Le professeur Maigre Échine
Provenant d’un milieu ouvrier, Pierre Parent a toujours voulu impliquer les jeunes travailleurs dans plusieurs des activités du Centre culturel. L’initiative dont il garde de très bons souvenirs se veut la d’une troupe de théâtre qui présentait, tous les samedis après-midi, un spectacle pour les enfants.
«J’écrivais les lignes principales du texte et, avec les comédiens, nous finissions le scénario pour le spectacle qui était présenté quelques jours plus tard. Professeur Maigre Échine était une série dont les deux personnages principaux personnifiés par Pierre Frigon et Nicole Laroche étaient un élève turbulent, rempli de tours et très indiscipliné, et son professeur, Maigre Échine.

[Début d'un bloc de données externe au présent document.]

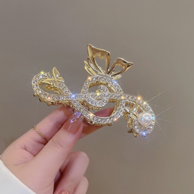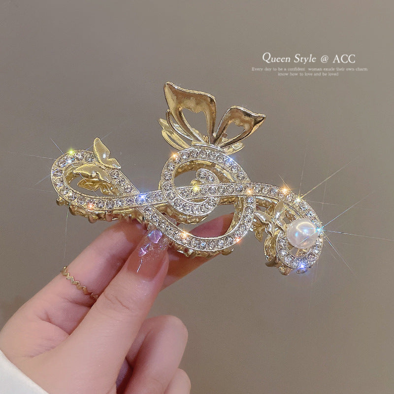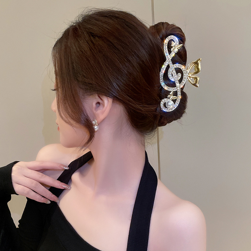 2022 hot rhinestone note hair clip women's hair back head clip high-end shark clip hair clip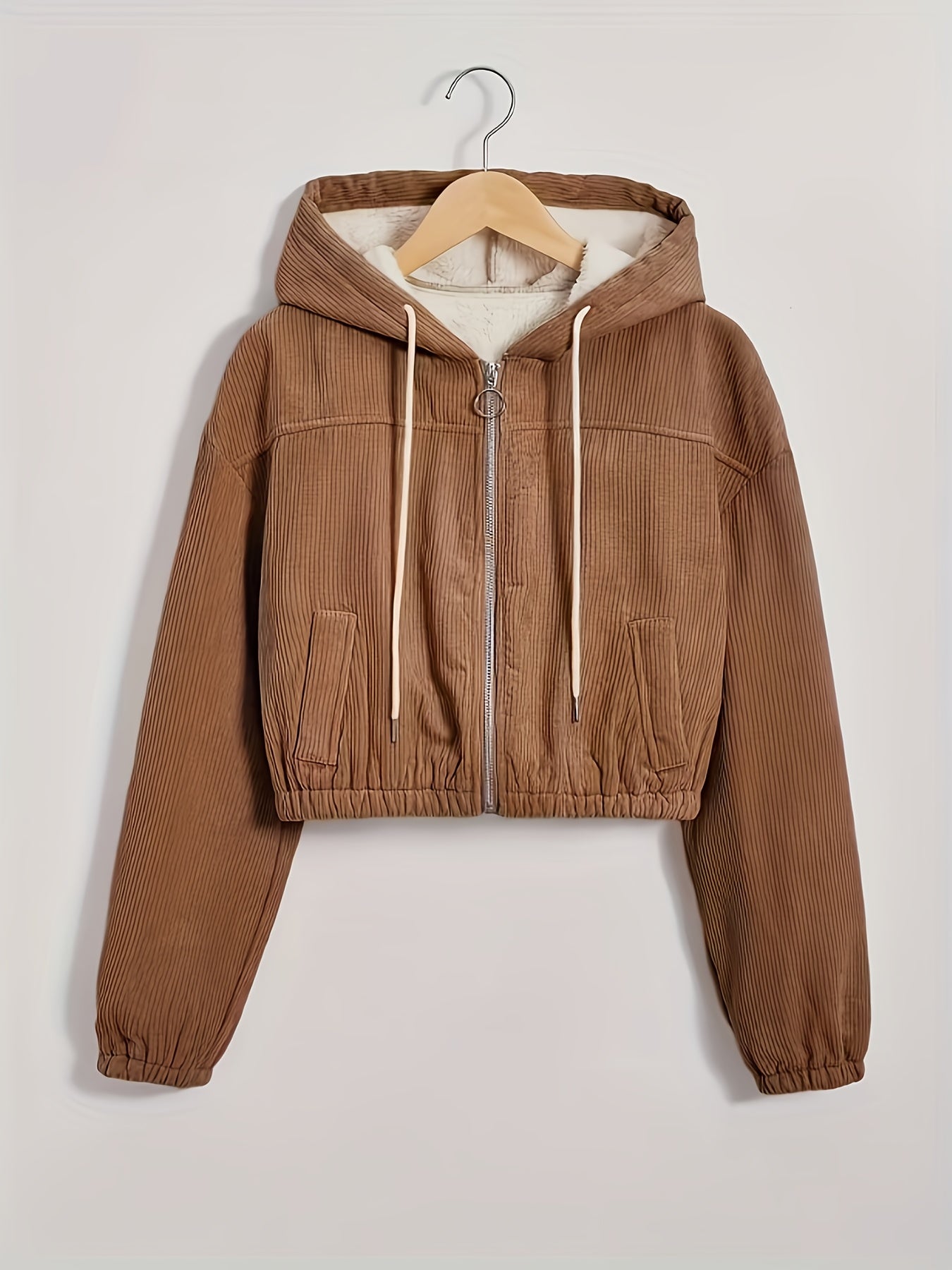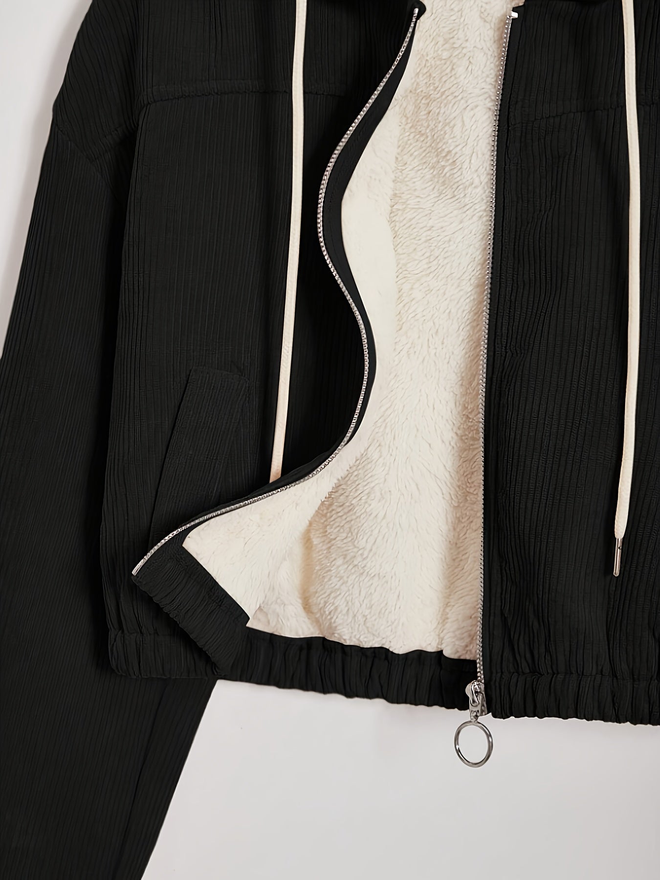 Women'S Black Hooded Jacket with Fleece Lining - Full-Zip Winter Coat, Full-Zip Front Closure, Zippered Pockets, Machine Washable Outer Shell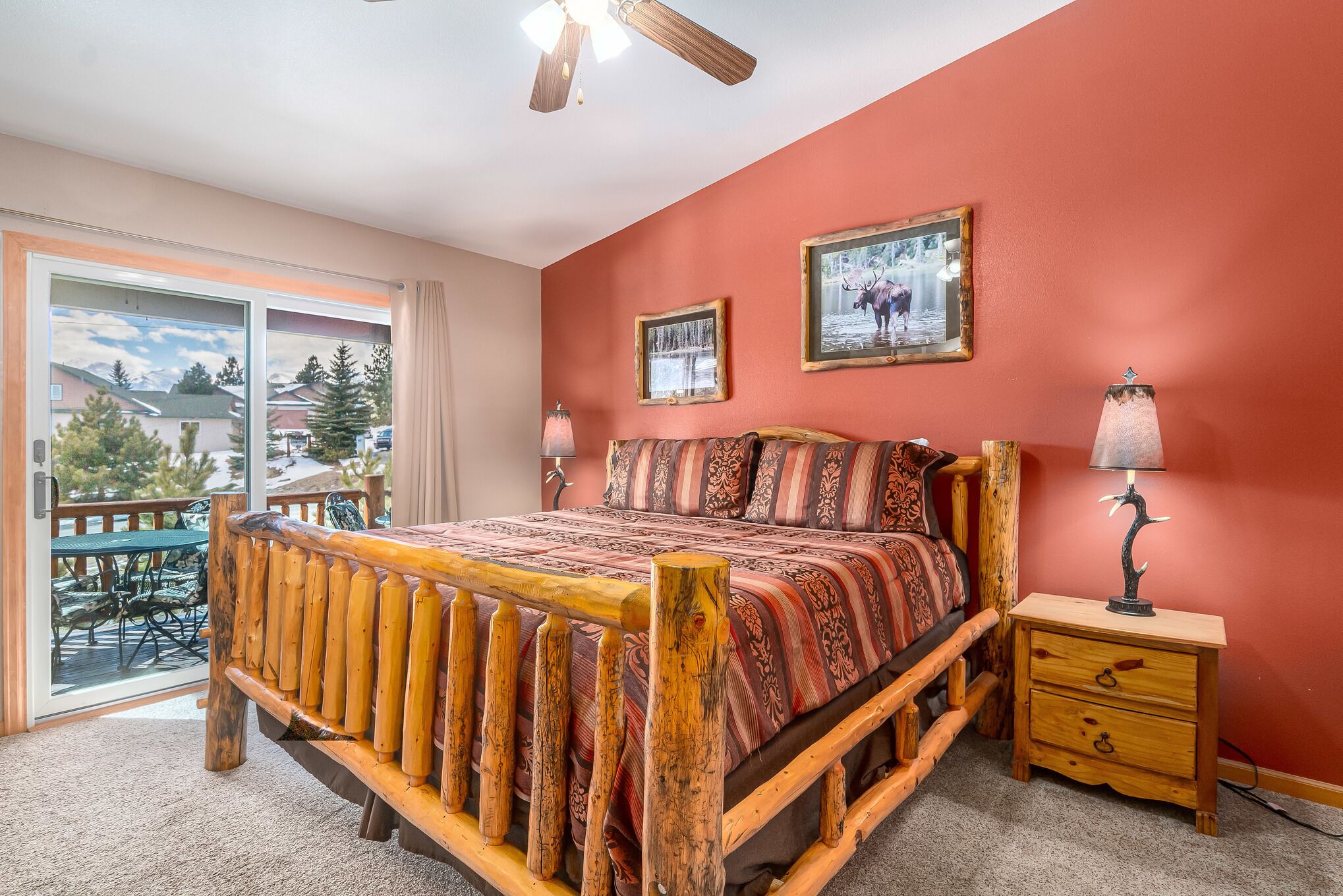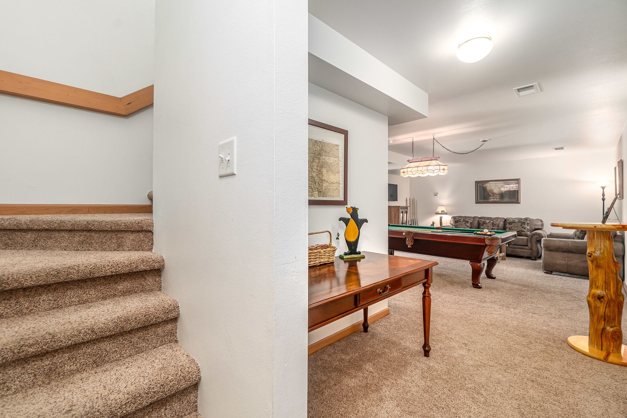Longs Peak Lodge; An Easy walk to downtown! #3221 #3221 Surrounded by tranquility, this luxury townhome is in the heart of Estes Park minutes from Rocky Mountain National Park. Gaze at the Continental Divide and Long's Peak (one of the highest peaks in Colorado) as you barbecue off the deck or just relax and allow the 'Mountain' motif to sweep you away - into the Vacation Zone!Only 5 minutes walking distance into downtown Estes Park, and a 5-minute traffic-free drive to the Black Canyon Inn or the Stanley Hotel! We're also just across the street from one of the stops for two different lines of the free shuttle service (available in the summer months).The Main Level Master bedroom has a king-sized new Purple mattress (Purple 3), separate deck access, double vanity master bath plus a jacuzzi tub, and separate TV. Spacious family room including TV, kitchen with refrigerator, dishwasher, electric range/oven, microwave, dining area, and laundry room (washer & dryer available to use) plus a half bath. The lower level has two additional bedrooms with queen-sized beds, both bedrooms have private entrances from the outside patio, one full jack & jill bath, and game room/rec room, including pool table, couches with queen-sized sleeper-sofa (memory foam mattress), and TV. Your stay includes free wireless high-speed internet access and Amazon Prime as well as basic cable.Large 2-car attached garage.See our comments in the guest book at the bottom of the page, we strive for happy guests!Keywords: Townhome, house, private home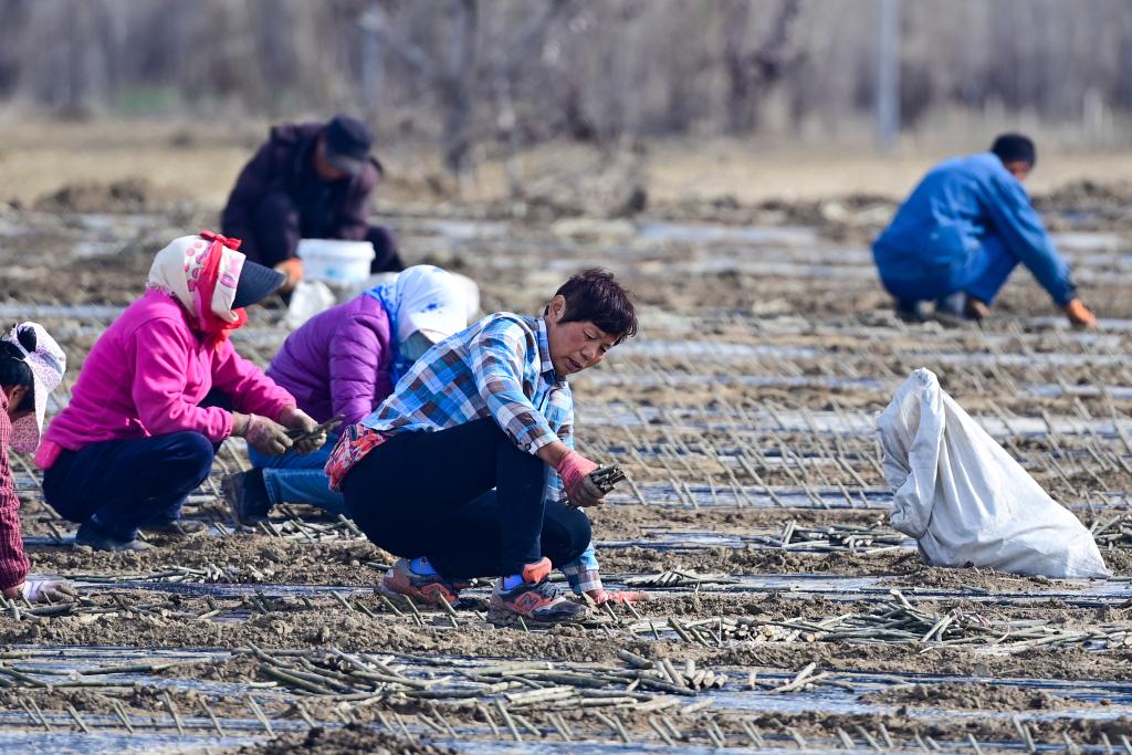 在新疆博尔塔拉蒙古自治州博乐市青得里镇定吉格村,村民在苗木基地扦插树苗(4月10日摄)。新华社记者 丁磊 摄

Une douzaine de comédiens jouaient dans cette série qui a fait salle comble chaque semaine et qui a remporté un grand succès, tout en soulevant les éloges de plusieurs journaux surpris de notre capacité à produire, chaque semaine, un spectacle créé, joué et produit au Centre culturel.»
Le premier théâtre d’été
Un des grands sujets des années 1968-69 concernait l’établissement du nouvel aéroport de Montréal. Le ministre responsable des transports pour le gouvernement canadien était Jean-Luc Pépin, aussi député du comté de Drummond. Une grande campagne s’est mise en place pour convaincre M. Pépin de choisir notre région pour établir cet aéroport. Comme tout le monde le sait, la région de Mirabel-Sainte-Scholastique a été choisie.
«Je voulais depuis quelques mois mettre en place un théâtre d’été dans une des salles du Centre culturel. Avec l’aide de plusieurs et avec des budgets très limités, nous avons aménagé un théâtre de 120 places que nous avons baptisé « Le Sainte-Scholastic ». Nous avons choisi un texte de Molière que nous avons adapté en utilisant des noms de personnages qui ont pu être impliqués dans le choix de l’emplacement de l’aéroport. Un artiste de la région, Jean-Pierre Manseau, a composé une chanson thème pour le théâtre. Le texte de cette chanson était engagé comme l’était également celui de la pièce. Le théâtre se remplissait de plus en plus chaque jour. Toutefois, environ 10 jours après le début des représentations, j’ai reçu une lettre de l’association des auteurs qui m’ordonnait de reprendre le texte original de Molière. De plus, un avocat de la région nous menaçait de poursuite si nous ne ramenions pas le texte de Molière. Après une consultation qui dura une bonne semaine, nous avons ramené le texte original de Molière, mais chaque représentation était quand même précédée de la chanson de Manseau et d’une explication concernant les changements», se rémémore Pierre Parent.
En conclusion, M. Parent avoue, sourire en coin, que près de 50 ans plus tard, Mirabel était probablement le bon choix pour un aéroport alors que la Maison des arts Desjardins fait et fera encore pendant de nombreuses années la fierté de Drummondville.